‘The Garden Party’ by Katherine Mansfield

I always think of ‘The Garden Party’ as a perfect story of epiphany. Like Joyce’s ‘Araby’, it introduces its protagonist in place, time and milieu, and ends at the moment she learns a new and irreversible lesson about the world, a lesson that does not need to be named outright because the story up to that point has carefully made the substance of that epiphany legible:

‘Isn’t life,’ she stammered, ‘isn’t life—’ But what life was she couldn’t explain. No matter. He quite understood.

Isn’t it, darling?’ said Laurie.’

When I first read this story 10 years ago, I understood Laura’s epiphany to be about death – the accidental death of a working-class neighbour on the day of her family’s garden party causes the young protagonist to realise that death looms over life and that she too will die one day – and missed the extent to which the story is about her burgeoning class-consciousness.

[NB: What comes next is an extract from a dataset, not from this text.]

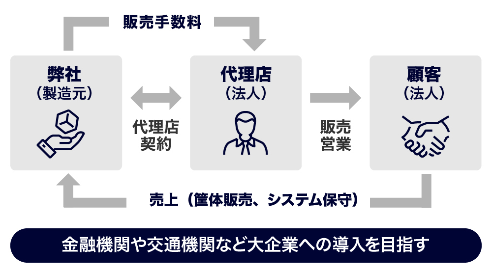弊社はあくまでも製品開発と保守に特化し、営業は代理店を通して行っていくことを計画しています。代理店に関しては、法人営業経験者が多数在籍する企業との連携を計画しており、同社には弊社製品デモなどで機動力を発揮していただき、はじめのターゲットである金融機関や交通機関など大企業への納品を目指し商談機会を多数創出していきたいと考えています。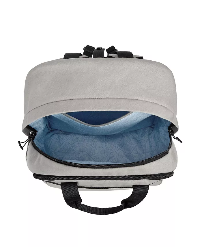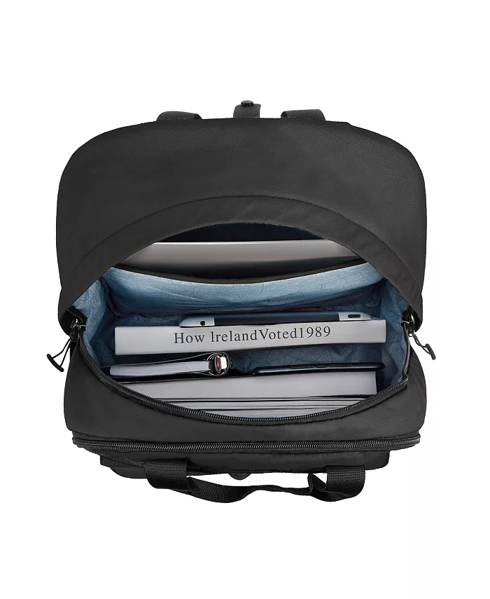 Широко открывающееся внутреннее отделение включает мягкий чехол для ноутбука или планшета с диагональю 15,6 дюйма.

From the beginning of the story, when she is sent out to instruct the workmen assembling the marquee and disarmed by their friendliness, to the end, when she has to confront the squalid living conditions of her neighbours, the story is about her coming to understand not only that death always looms over life, nor that some people live well at the expense of others living poorly, but that death looms more closely and meanly over the lives of the poor than over those of the wealthy.